• Exercise: Each entry should be set down exactly as written, except for any picture it holds.

*** Begin section ***

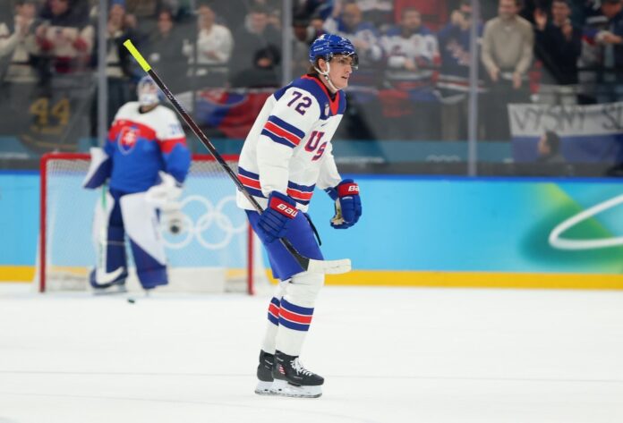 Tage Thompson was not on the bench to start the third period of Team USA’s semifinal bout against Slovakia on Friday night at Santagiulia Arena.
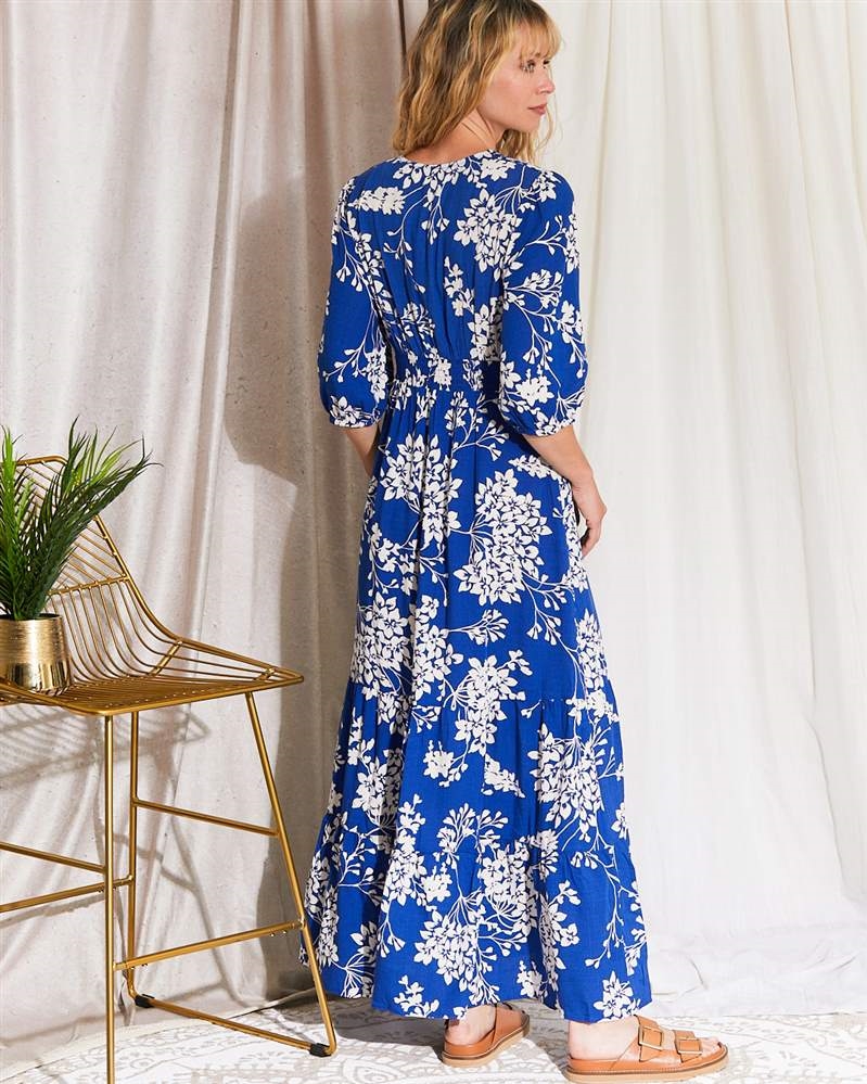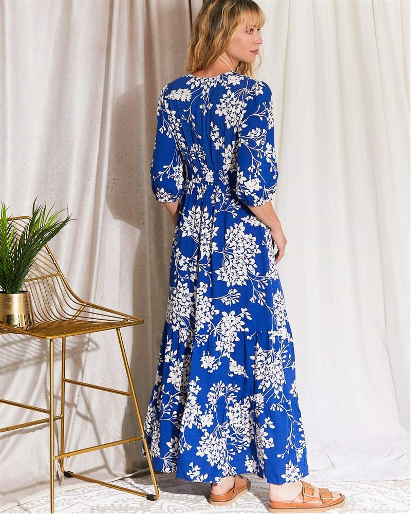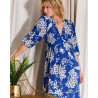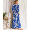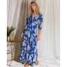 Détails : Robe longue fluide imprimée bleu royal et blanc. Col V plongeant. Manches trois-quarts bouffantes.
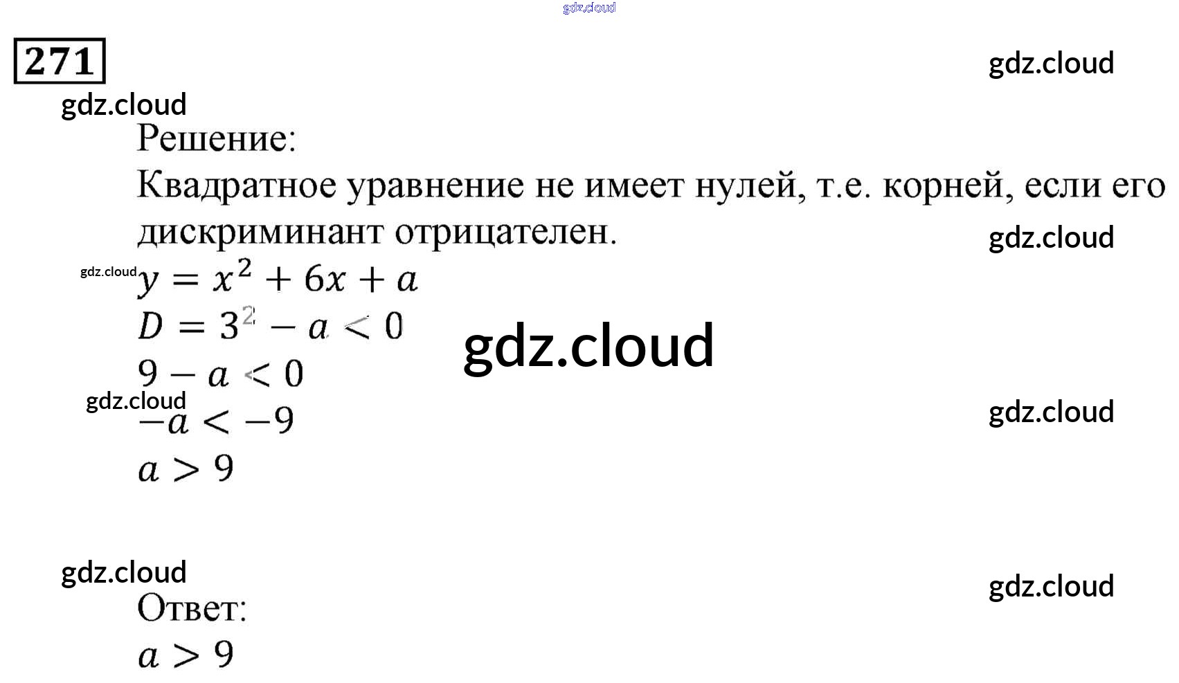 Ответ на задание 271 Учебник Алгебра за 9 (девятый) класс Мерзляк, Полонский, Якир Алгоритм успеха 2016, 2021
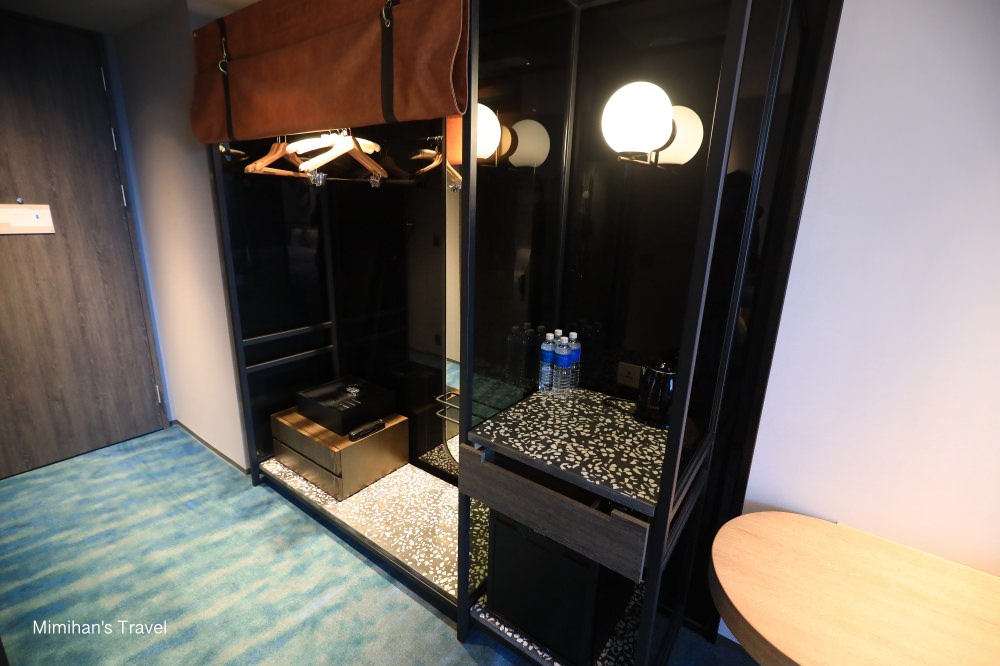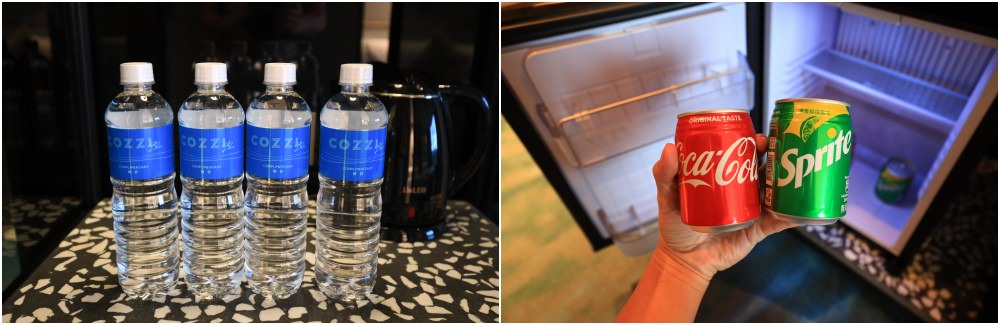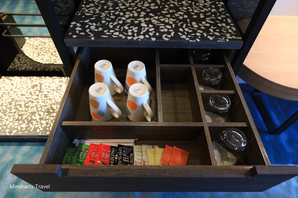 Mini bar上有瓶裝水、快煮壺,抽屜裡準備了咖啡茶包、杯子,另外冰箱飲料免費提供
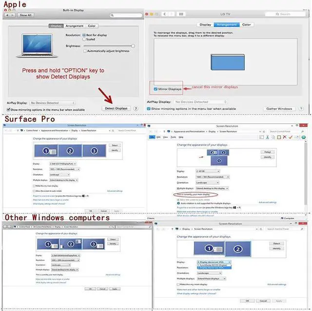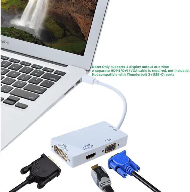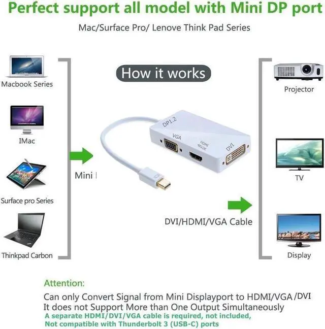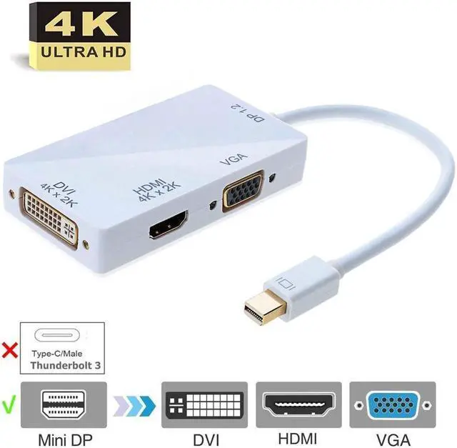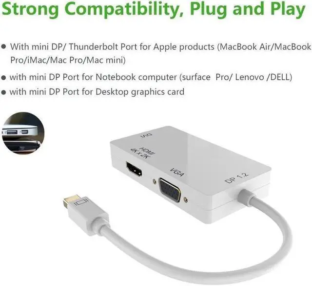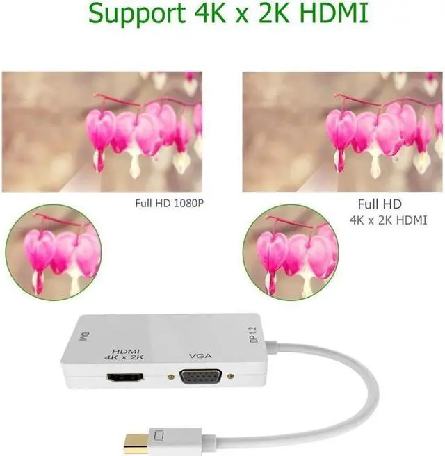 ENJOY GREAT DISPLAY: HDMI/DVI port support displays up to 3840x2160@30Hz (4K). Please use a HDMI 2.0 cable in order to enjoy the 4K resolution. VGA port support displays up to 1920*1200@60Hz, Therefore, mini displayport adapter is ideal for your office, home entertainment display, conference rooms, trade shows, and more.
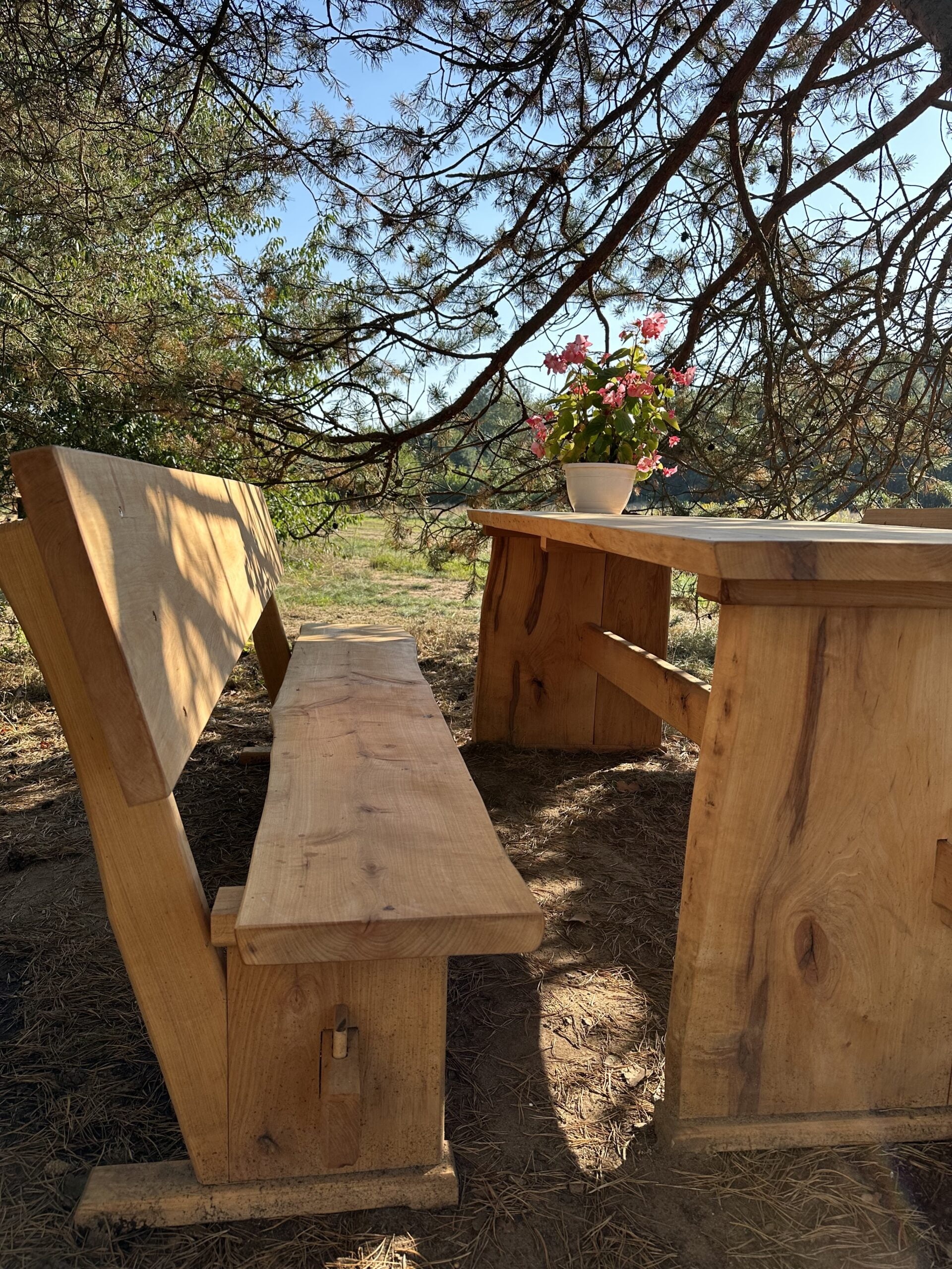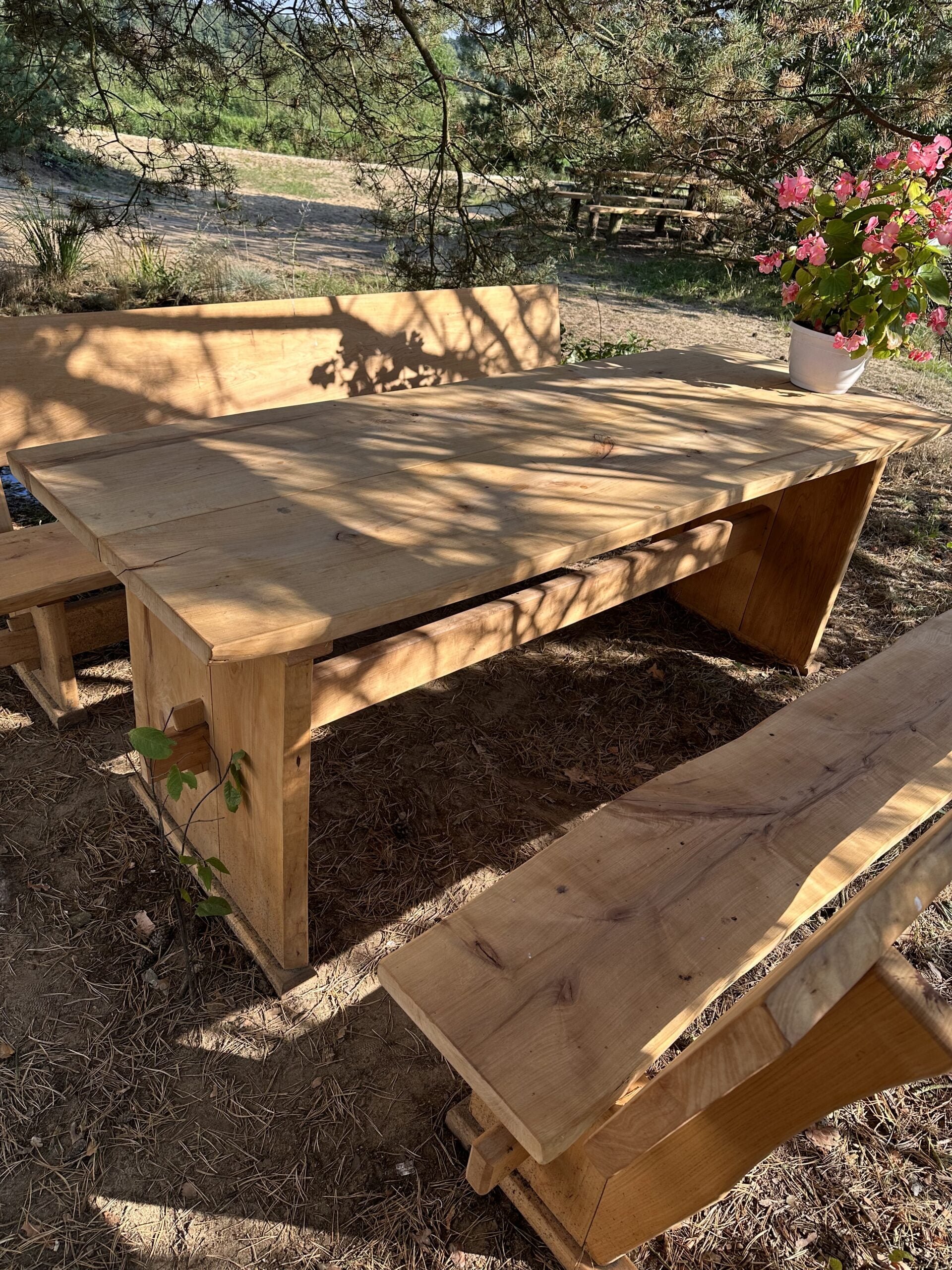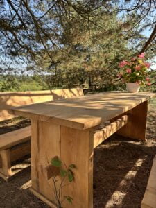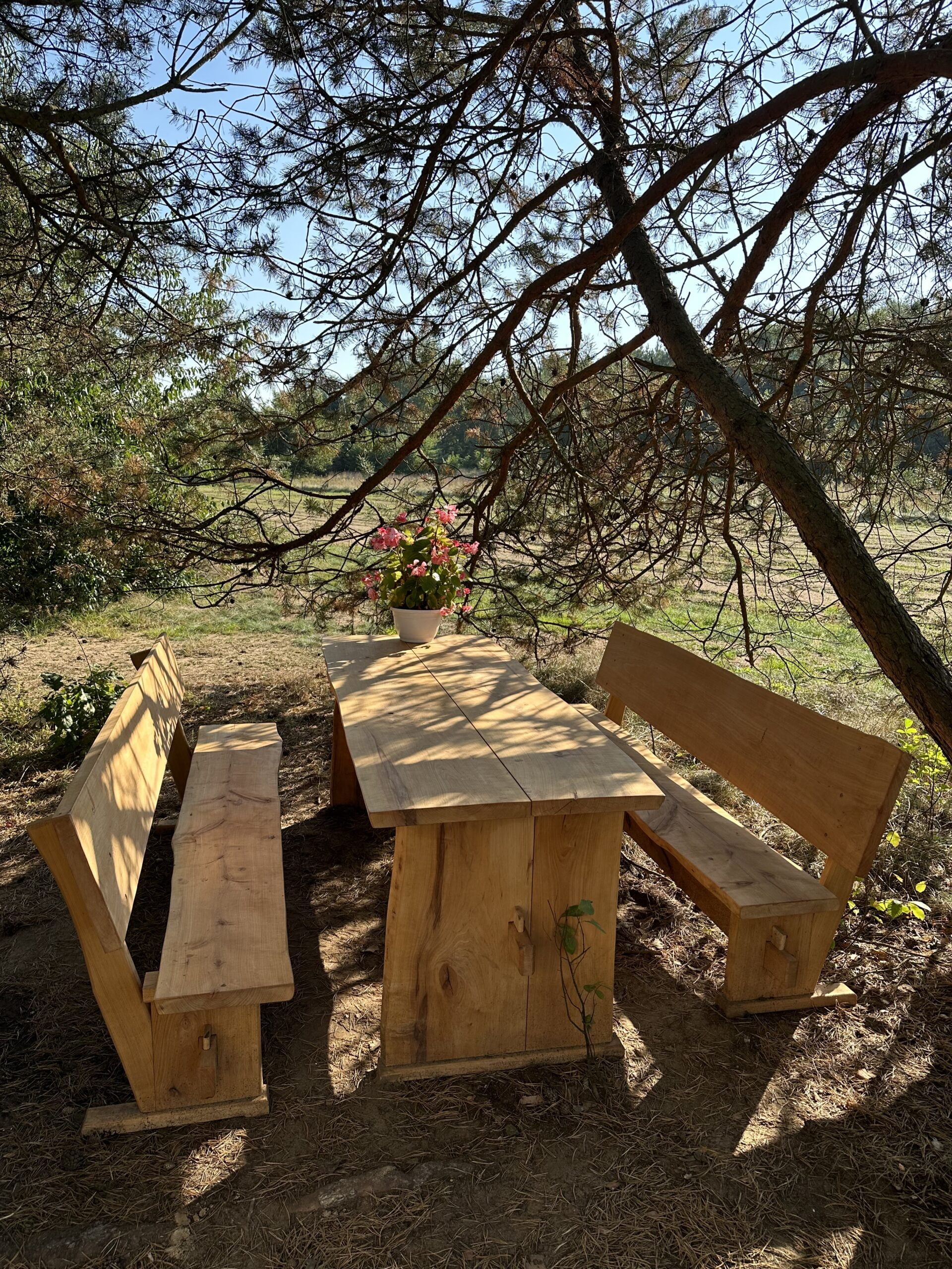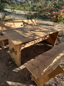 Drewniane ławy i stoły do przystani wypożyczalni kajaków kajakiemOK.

*** End section ***

• Written solution:
 Tage Thompson was not on the bench to start the third period of Team USA’s semifinal bout against Slovakia on Friday night at Santagiulia Arena.
 Détails : Robe longue fluide imprimée bleu royal et blanc. Col V plongeant. Manches trois-quarts bouffantes.
 Ответ на задание 271 Учебник Алгебра за 9 (девятый) класс Мерзляк, Полонский, Якир Алгоритм успеха 2016, 2021
 Mini bar上有瓶裝水、快煮壺,抽屜裡準備了咖啡茶包、杯子,另外冰箱飲料免費提供
 ENJOY GREAT DISPLAY: HDMI/DVI port support displays up to 3840x2160@30Hz (4K). Please use a HDMI 2.0 cable in order to enjoy the 4K resolution. VGA port support displays up to 1920*1200@60Hz, Therefore, mini displayport adapter is ideal for your office, home entertainment display, conference rooms, trade shows, and more.
 Drewniane ławy i stoły do przystani wypożyczalni kajaków kajakiemOK.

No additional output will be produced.